Adult performers and social media influencers successfully monetize their fan bases by hiding behind paywall content such as high-resolution photographs and videos. Extra features and individualized material are available for purchase by users.
Is OnlyFans publicly traded? If yes, how can you invest?
Keep reading to learn more!
How Does OnlyFans Make Money?
The company’s business strategy is mainly responsible for OnlyFans’ success. OnlyFans restores control to the hands of producers, regardless of the site’s appeal to the adult entertainment sector. Since April 2020, when Beyoncé addressed it in the song “Savage,” the platform’s popularity has skyrocketed.
The New York Times reports that OnlyFans charges a flat 20% fee and nets around 12%. The creator may set the price at anything they like, and they will retain 80% of the proceeds. The company’s model gives the artists greater power over their material and company by removing advertising and intermediaries (like film studios and conventional adult websites). Its popularity has spread beyond the realm of the adult content business, with users including professional athletes, chefs, singers, celebrities, health and spiritual experts, comedians, fitness gurus, and cosmetics artists.
The policy to ban “any material including sexually explicit activity” was announced on August 19th, 2021. However, discretionary nude photography and video will be OK. On August 25th, it overturned its original verdict.
What Are the Controversies Surrounding Onlyfans?
Despite its popularity, though, OnlyFans isn’t without its peculiar controversy. Although there is no restriction on who may use the site, its prominence in the adult content sector has made it well-known.
OnlyFans has taken some heat for this from its detractors. Many people who work in the sex business, however, see OnlyFans as a secure option since they have complete editorial control over the information they create.
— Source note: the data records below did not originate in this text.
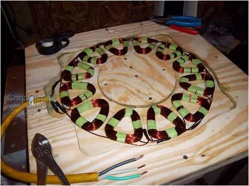 This is a photo of the rotor that's being used on the turbine, taken a couple years ago when I removed it from a different machine -- Chris off-grid in Northern Wisconsin, USA |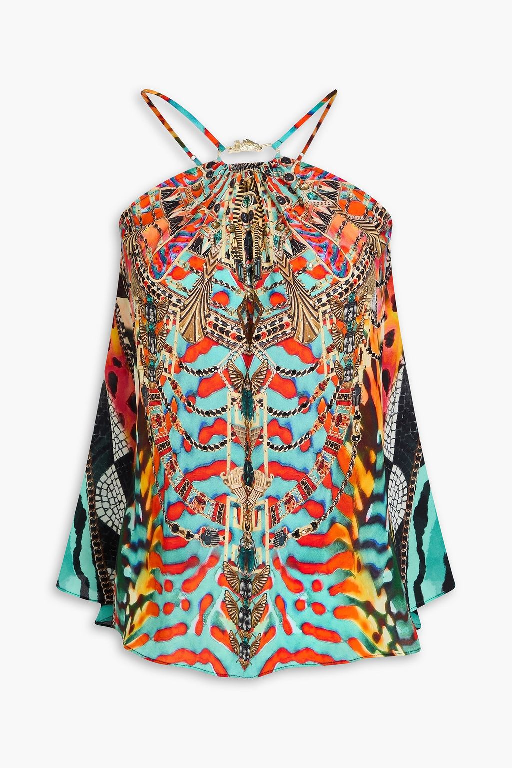 CAMILLA Embellished printed silk crepe de chine top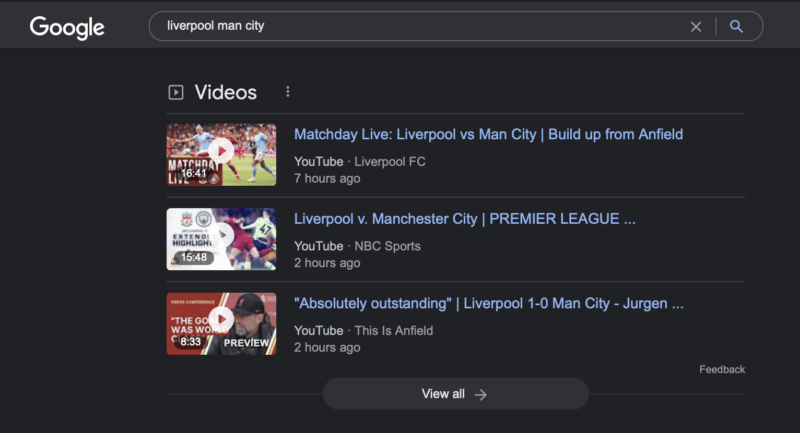 As an example, type in a recent sporting event that just ended, like Liverpool (the good guys) vs. Man City (the bad guys), and you’ll immediately get YouTube suggestions including highlights, interviews, post-match reactions, and more.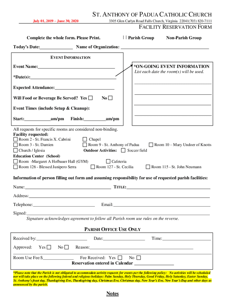 ST. ANTHONY OF PADUA CATHOLIC CHURCH July 01, 2019, June 30, 20203305 Glen Carly Road Falls Church, Virginia 22041(703) 8207111FACILITY RESERVATION FORM Complete the whole form. Please Print. Parish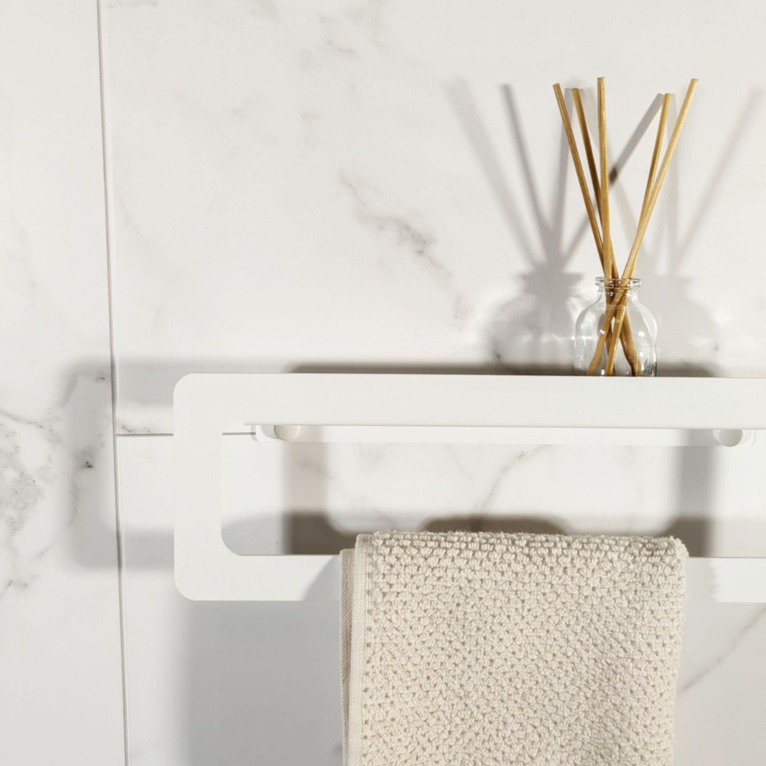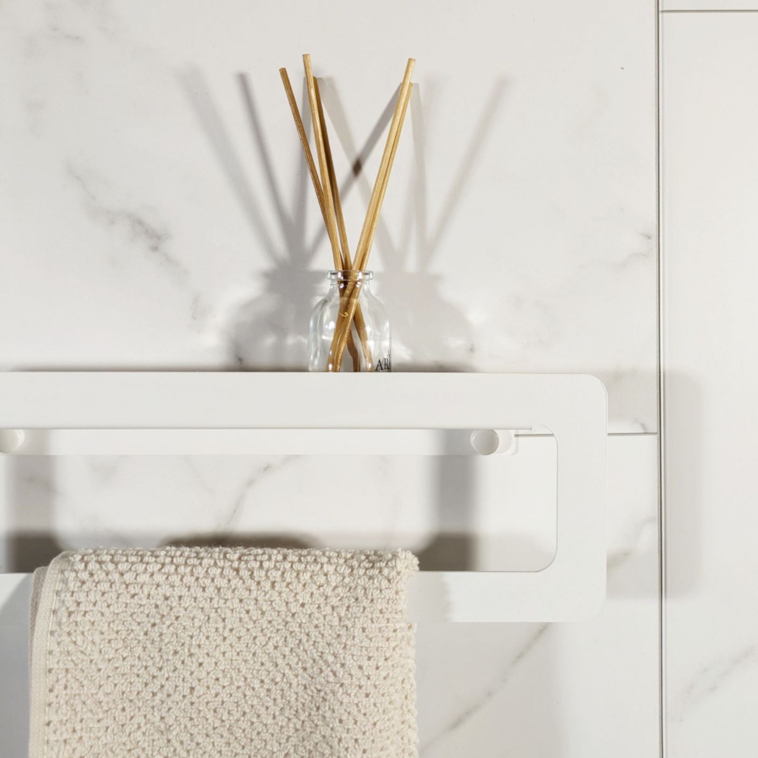 Современный дизайн и стильный цвет подчеркнут современный облик вашей ванной комнаты. Полка для полотенец изготовлена из металла толщиной 1.5мм с полимерным покрытием белого цвета, обеспечивающего долговечность и эстетический внешний вид.Добавьте функциональность и стиль в вашу ванную комнату с нашим органайзером для полотенца.

The corporation was surprised by its established reputation, and it seriously considered prohibiting any sexually explicit material. However, this resulted in a dramatic flight of content makers whose livelihood depended on the distribution of mature materials. As the debate continued, the prospect of losing so many users led them to change their minds. OnlyFans values its community highly, so the company opted to maintain a partnership with people in the adult entertainment sector.
Within the OnlyFans community, there are a variety of niche markets. Aside from those who work in the adult entertainment sector, there are creators in every other significant field. On OnlyFans, you may follow your favorite YouTubers, visual artists, and podcasters. But in recent years, OnlyFans has also become popular with regular famous people. In 2021, reality stars and musicians were among the most lucrative customers.
This is evidence that the website is transitioning away from its primarily voyeuristic focus. It’s not necessary to work in the adult sector to utilize the site, but the high rates of remuneration and openness to collaboration make it a top pick for those who do.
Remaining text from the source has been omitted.